Laboratory features include elevated erythrocyte sedimentation rate and serum alkaline phosphatase as well as, in some patients, increased serum prostaglandin E levels. There may be thrombocytosis and anemia. The radiographic features include soft tissue swelling and calcification and cortical hyperostosis (Fig. 720.7 ). All bones may be affected except the phalanges or vertebral bodies. The differential diagnosis includes other causes of hyperostosis such as chronic vitamin A intoxication, prolonged prostaglandin E infusion in children with ductal dependent congenital heart disease, primary bone tumors, and scurvy.
Complications are unusual but include pseudoparalysis with limb or scapula involvement, pleural effusions (rib), torticollis (clavicle), mandibular asymmetry, bone fusion (ribs or ulna and radius), and bone angulation deformities (common with severe prenatal onset).

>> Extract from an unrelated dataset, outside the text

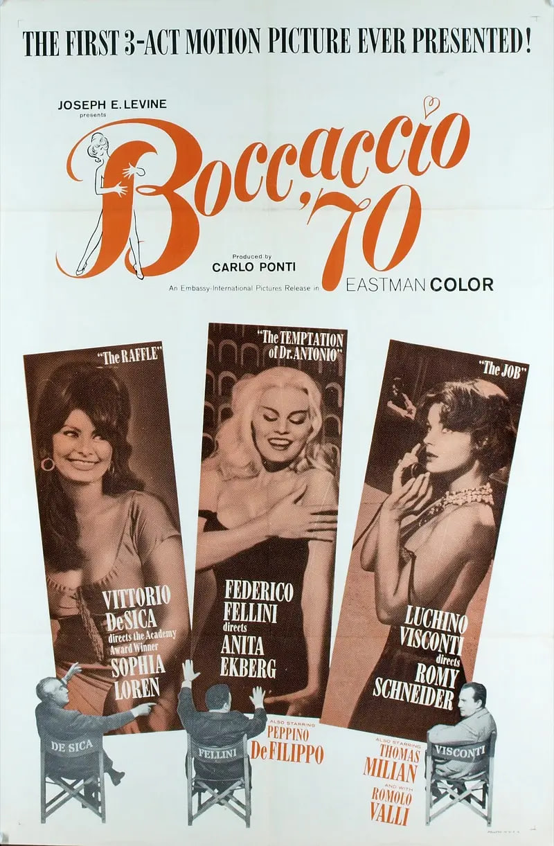 维斯康提那段讲罗密·施奈德扮演的美丽少妇设计向丈夫报仇,冒充他情妇,让他花钱才能得到她;德西卡的那段讲一个胆小的人赢得一个奖,奖品是跟一个女孩的约会;莫尼切里那段在很多海外版本中均被删除,其风格比较偏传统喜剧,较低调,容易消失在同行的阴影里;但最为出彩的还是费里尼的那段,名为《安东尼博士的诱惑》,讲一个波霸美女从海报上“活”过来,取笑一个道貌岸然的禁欲男子。 幕后制作: 四位重量级意大利导演用各自的手法捕捉薄伽丘的精神,以罗马为舞台呈现大型世像图。虽然只是部短片,但费里尼却以轻松嘲讽但不失沉重的语气来讲述这个揭露上层阶级虚伪道德观的故事。安东尼博士是个值得探讨的人物,他面对价值崩溃、道德沦丧感到无能为力,妄图以虚伪的面具来掩盖自己内心的欲望,但当巨大的女郎形象从广告中走出与他同乐时,他的本性终于显露。费里尼用梦幻与现实交错的手法同时制造出荒诞与沉重两种调子,极具表现力,在本片中给人印象最为深刻。

Treatment includes indomethacin and prednisone (if there is a poor response to indomethacin).
Fibrodysplasia ossificans progressiva (FOP) (MIM 135100) is a rare and severely disabling disorder characterized by progressive extraskeletal heterotopic bone formation in soft connective tissues including muscles, tendons, ligaments, fascia, and aponeuroses. With the exception of deformity of the large toes, infants are normal at birth. Episodes of painful soft-tissue swelling with inflammation usually begin in early childhood initially involving the upper back and neck, and later the entire trunk and extremities. Repeated episodes (flare-ups) slowly transform the soft tissues into bands or plates of bone that span joints and progressively limit movement and mobility. Episodes are often triggered by injury, intramuscular injections, and viral infection. Most patients are wheelchair bound by their late teens. The average life span is approximately 40 yr, with death usually resulting from complications of thoracic insufficiency.

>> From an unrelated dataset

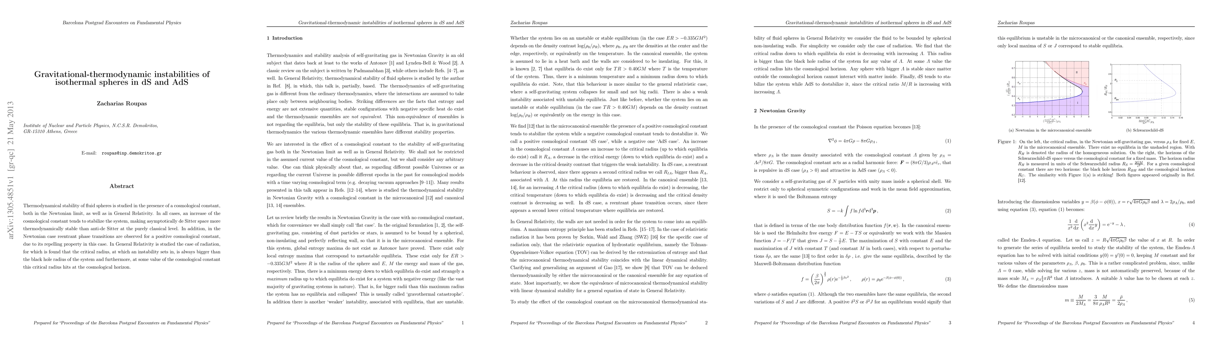 This paper investigates the thermodynamic stability of isothermal spheres in de Sitter (dS) and anti-de Sitter (AdS) spaces, showing that higher cosmological constants stabilize these systems. In Newtonian physics, positive cosmological constants lead to reentrant phase transitions, while in General Relativity, the critical radius for instability is larger than the black hole radius and aligns with the cosmological horizon at certain cosmological constant values.

FOP results from heterozygous activating mutations of the gene (ACVR1) encoding the bone morphogenetic protein (BMP) type I receptor, activin A receptor type I (ALK2) . Patients with classic FOP have the same missense ACVR1 mutation, which enhances BMP signaling, which, in turn, induces inflammation and aberrant endochondral ossification through mechanisms that are poorly understood. Environmental factors, such as injury, play an important role in triggering these events. ACVR1 mutations usually occur sporadically, but autosomal dominant transmission has rarely been observed. FOP is classified in the disorganized development of skeletal components group.

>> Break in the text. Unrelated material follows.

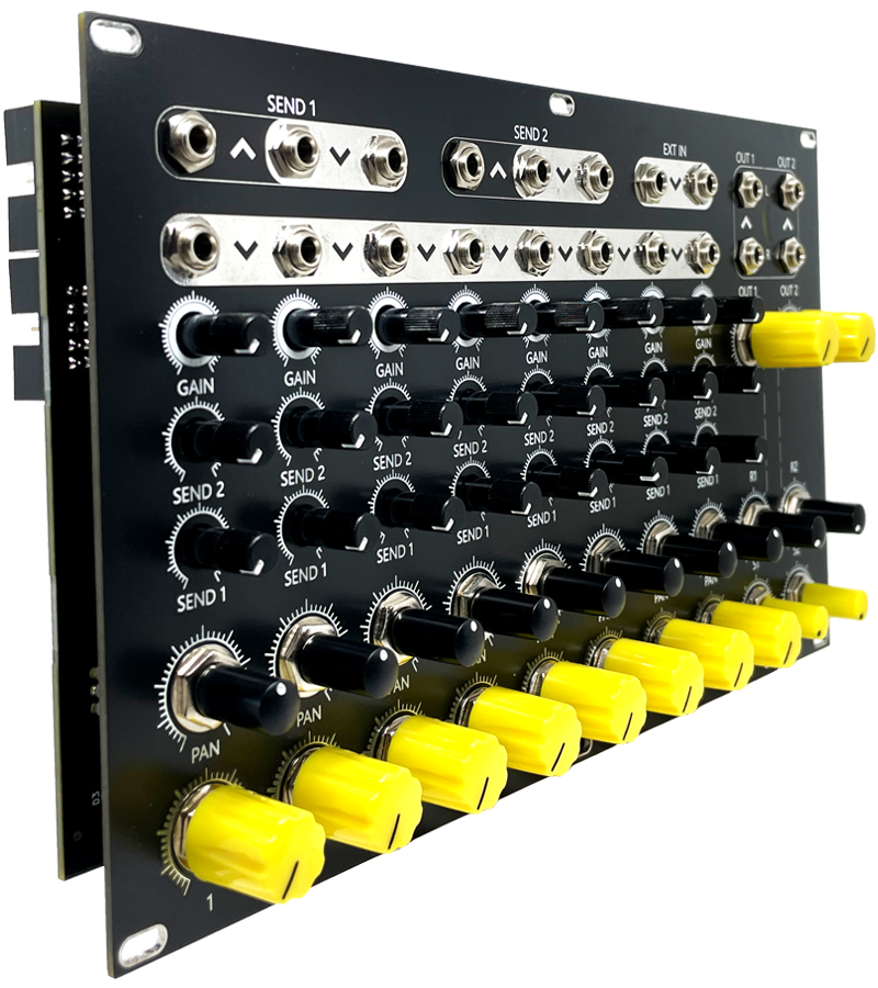 It´s an 8 channel mono to stereo mixer with two mono sends, two stereo returns, panning, external stereo or mono to stereo input, direct & cue outs (expander) and plenty of level control.

There is currently no definitive treatment for FOP. Supportive care includes avoidance of injury-prone physical activities, intramuscular injections including immunizations and overstretching of the jaw during dental procedures. Corticosteroids and other antiinflammatory agents reduce inflammation and pain during flare-ups, but are unable to prevent heterotopic bone formation. Studies in FOP animal models suggest that BMP type I kinase inhibitors and retinoic acid receptor γ agonists, which block chondrogenesis—the initial step in endochondral ossification—may be useful therapies in the future. An animal FOP study has indicated that mutant ALK2 responds to activin A, induces canonical BMP signaling and leads to heterotopic bone formation, providing an additional possible therapeutic target. Notably, the retinoic acid receptor γ agonist Palovarotene is being tested in an ongoing phase 2 clinical trial with FOP patients (NCT02190747).